An end-to-end Bioinformatics and Machine Learning pipeline for processing, analyzing, and interpreting bacterial single-cell RNA-sequencing (scRNA-Seq) data. This project utilizes the microSPLiT protocol applied to Bacillus subtilis across various growth stages, demonstrating how unsupervised computational workflows can unveil hidden biological states and rare subpopulations.
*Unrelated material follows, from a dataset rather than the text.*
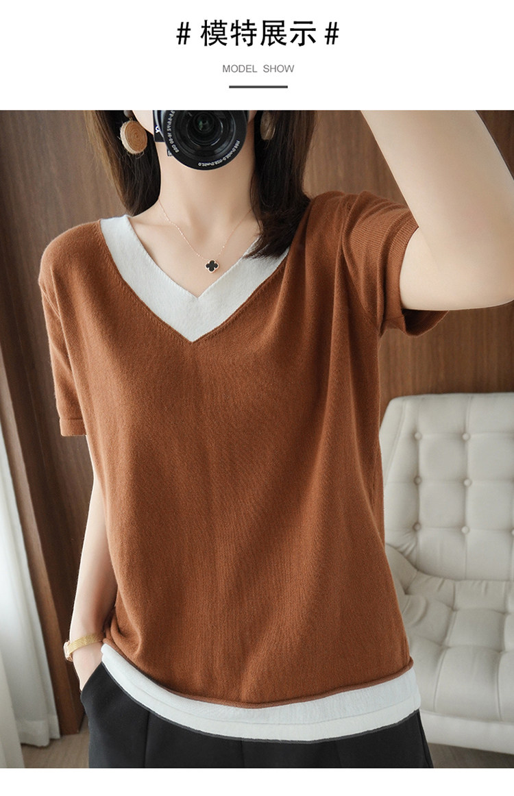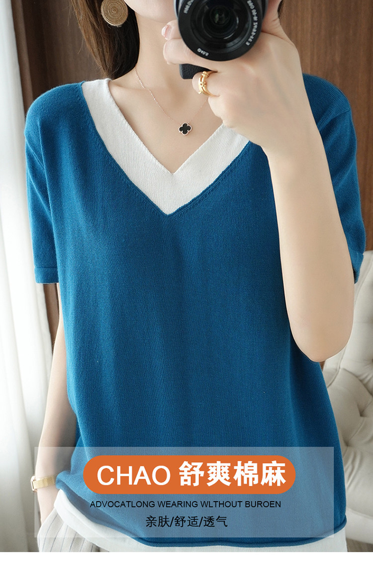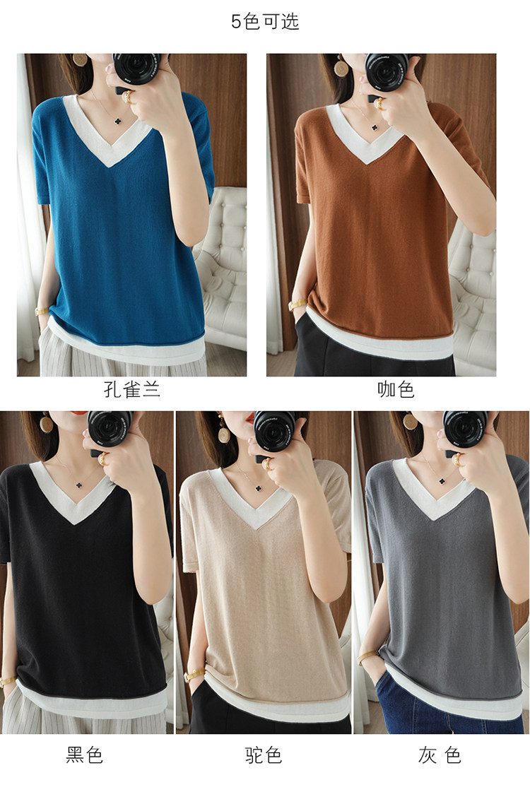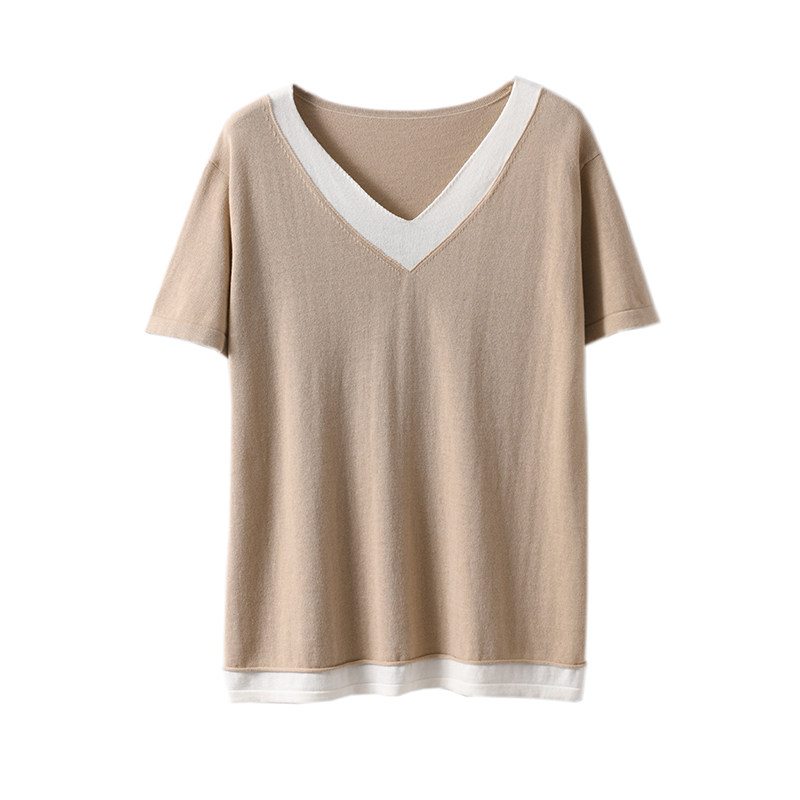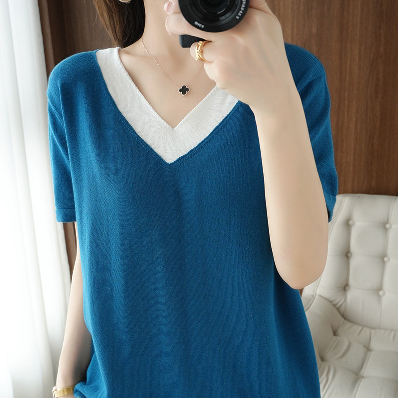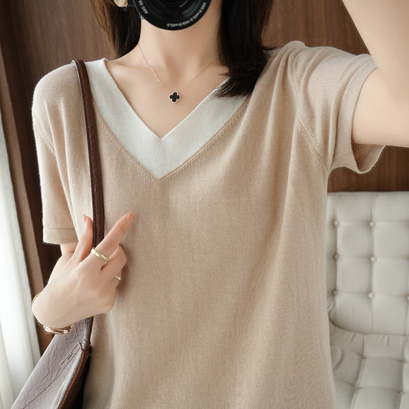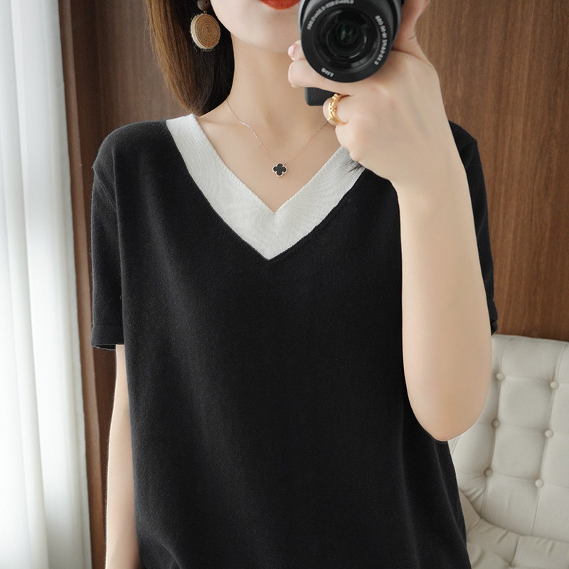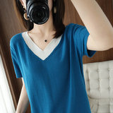 Хлопковый комплект, тонкая летняя футболка с коротким рукавом, трикотажная короткая рубашка, V-образный вырез

🚀 Key Features & Methodologies

  • Data Quality Control (QC): Filtering low-quality bacterial cells based on gene counts and total transcripts (Scanpy).
  • Dimensionality Reduction: Extracting biologically relevant signals using Highly Variable Genes (HVGs), Principal Component Analysis (PCA), and Uniform Manifold Approximation and Projection (UMAP).
  • Graph-Based Clustering: Unsupervised community detection via the Leiden Algorithm to partition transcriptomic profiles without experimental bias.
  • Differential Expression (DE): Identifying cluster-specific biomarkers using the Wilcoxon rank-sum test to reveal active metabolic pathways and cell fates.

📁 Project Structure

The analysis is structured into 3 modular Jupyter Notebooks:

  1. 01_quality_control.ipynb: Initial data ingestion, parsing metadata (OD stages), metadata feature engineering, and stringent single-cell QC filtering.
  2. 02_normalization_and_dimred.ipynb: Data scaling, selection of top 1,500 highly variable genes, PCA execution, and building the neighborhood graph for UMAP mapping.
  3. 03_clustering_and_markers.ipynb: Unsupervised cell clustering, differential expression analysis, and marker gene visualization.

📊 Key Results & Insights

1. Unsupervised Clustering vs. Growth Dynamics

By embedding ~19,000 cells into a low-dimensional UMAP space, the unsupervised Leiden algorithm successfully recaptured the continuous biological trajectory of bacterial growth stages, mapping precisely from early exponential phases (OD0.4/OD1.0) to late stationary phases (OD2.7/OD3.2).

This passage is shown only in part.